This strong effect, z = 4.59, showed that participants thought a religious leader would want them to help a family that belongs to their religious group, whereas God would want them to help a family that does not belong to the religious group (cf. These values were analyzed by one-way ANOVA on Condition (God/Leader), F(1, 113) = 23.22, p < .001, partial η2= .17. People expected the religious leader would want them to help the religious ingroup family (M = 6.71, SD = 2.67), whereas they expected God would want them to help the outgroup family (M = 4.39, SD = 2.48)). I find the dissociation between God and religious leaders interesting. The strength of the effect makes me belief that this is a replicable finding.
Sinaceur, M., Adam, H., Van Kleef, G. A., & Galinsky, A. D. (2013). The advantages of being unpredictable: How emotional inconsistency extracts concessions in negotiation. Journal of Experimental Social Psychology, 49(3), 498-508.
Study 2 produced a notable effect of manipulating emotional inconsistency on self-ratings of “sense of unpredictability” (z = 4.88). However, the key dependent variable was concession making. The effect on concession making was not as strong, F(1, 151) = 7.29, z = 2.66.
Newheiser, A. K., & Barreto, M. (2014). Hidden costs of hiding stigma: Ironic interpersonal consequences of concealing a stigmatized identity in social interactions. Journal of Experimental Social Psychology, 52, 58-70.
Participants in this study were either told to reveal their major of study or to falsely report that they are medical students.

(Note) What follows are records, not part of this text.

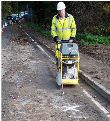
WIDENING WORKS HAVE STARTED ON THE A1473
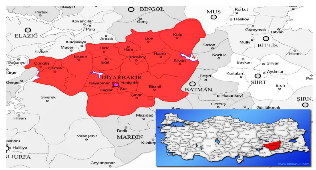
Figure 1. Location of study area

Diyarbakir province, which ranks 7th in Turkey's watermelon production (TUİK, 2021), have been selected as the study area. (Fig.1). Diyarbakır province is in located the central part of Southeastern Anatolia Region of Turkey, lies between 37° 56' latitude and 40° 13' longitude and the altitude is average 650 m (Anonymous, 2019a)
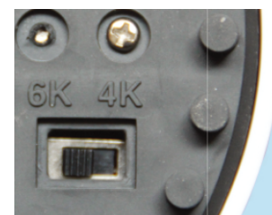
04 Mini-6KC/Mini-6KS/Mini-6KT Two speed options

The strong effect shows that participants who were told to lie reported feeling less authentic, z = 4.51. The effect on a second dependent variable, “belonging” (I feel accepted) was weaker, t(54) = 2.54, z = 2.20.

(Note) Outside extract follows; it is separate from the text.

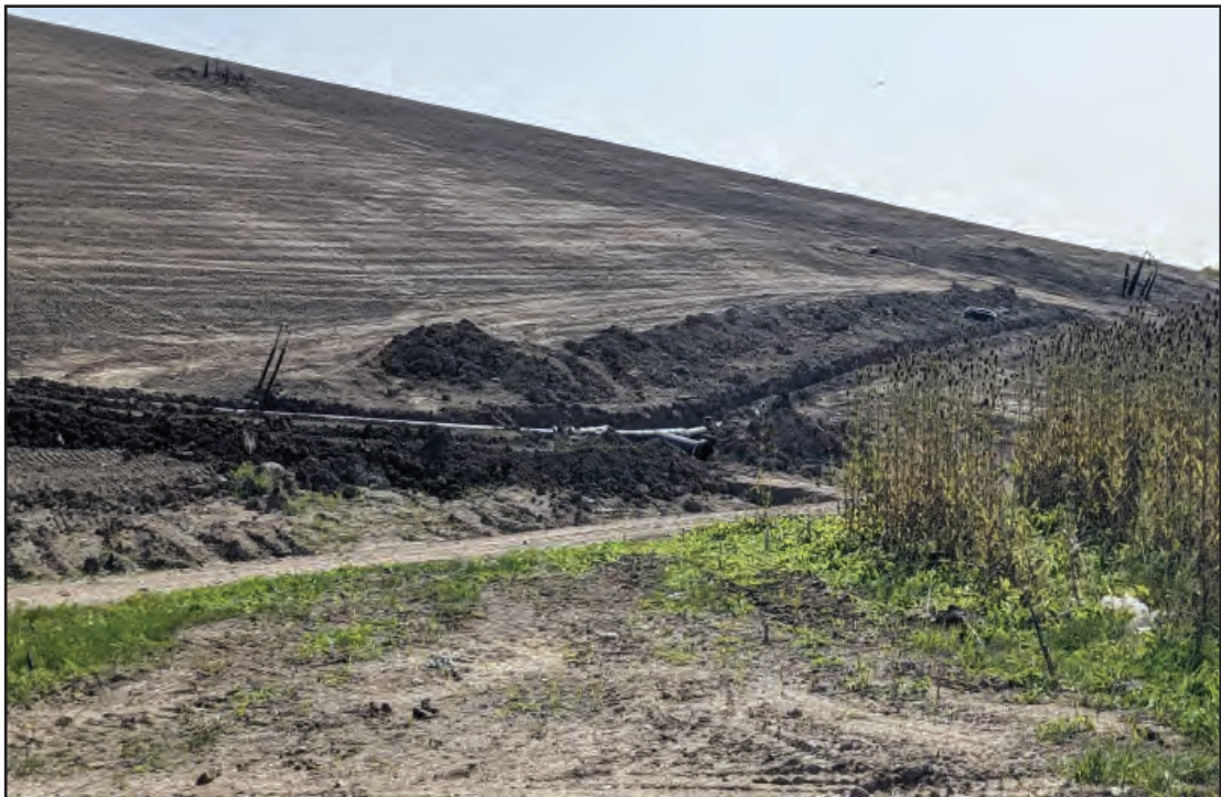
Header for gas collection in cap construction

PERSONALITY AND SOCIAL PSYCHOLOGY BULLETIN
Simon, B., & Stürmer, S. (2003). Respect for group members: Intragroup determinants of collective identification and group-serving behavior. Personality and Social Psychology Bulletin, 29(2), 183-193.

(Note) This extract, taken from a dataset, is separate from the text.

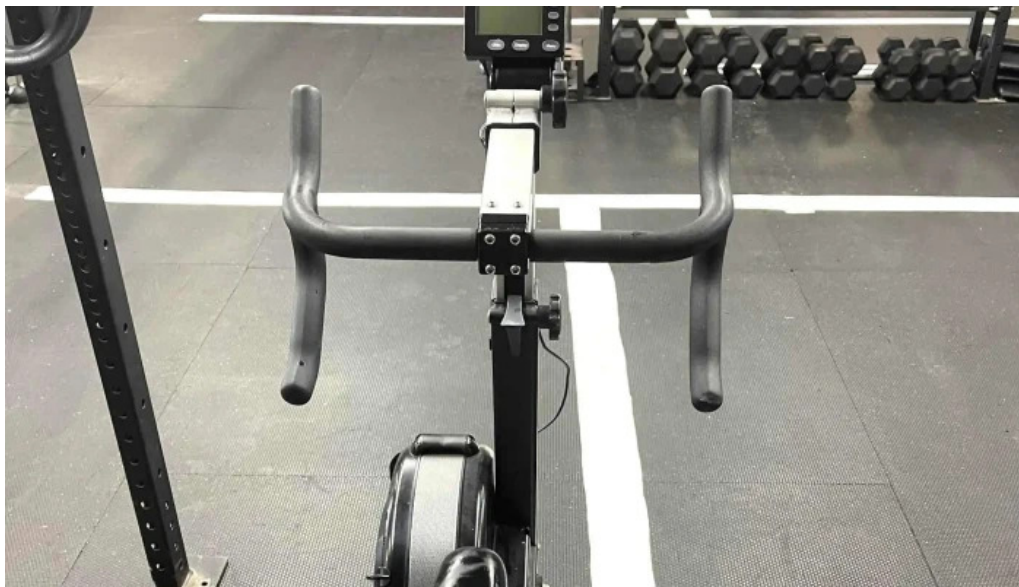
Champlain valley community fitness phone

The strong effect in this study shows a main effect of respectful vs. disrespectful feedback from a group-member on collective self-esteem; that is, feeling good about being part of the group. As predicted, a 2 x2 ANOVA revealed that collective identification (averaged over all 12 items; Cronbach’s = .84) was stronger in the respectful-treatment condition than in the disrespectful-treatment condition,M(RESP) = 3.54,M(DISRESP) = 2.59, F(1, 159) = 48.75, p < .001.
Craig, M. A., & Richeson, J. A. (2014). More diverse yet less tolerant? How the increasingly diverse racial landscape affects white Americans’ racial attitudes. Personality and Social Psychology Bulletin, 40(6) 750–761.
Two strong effects are based on studies that aimed to manipulate responses to the race IAT with stories about shifting demographics in the United States. However, the test statistics are based on the comparison of IAT scores against a value of zero and not the comparison of the experimental group and the control group. The relevant results are, t(26) = 2.07, p = .048, d = 0.84 in Study 2a and t(23) = 2.80, p = .01, d = 1.13 in Study 2b. These results are highly questionable because it is unlikely to obtain just significant results in a pair of studies. In addition, the key finding in Study 1 is also just significant, t(84) = 2.29, p = .025, as is the finding in Study 3, F(1,366) = 5.94, p = .015.
Hung, I. W., & Wyer, R. S. (2014). Effects of self-relevant perspective-taking on the impact of persuasive appeals. Personality and Social Psychology Bulletin, 40(3), 402-414.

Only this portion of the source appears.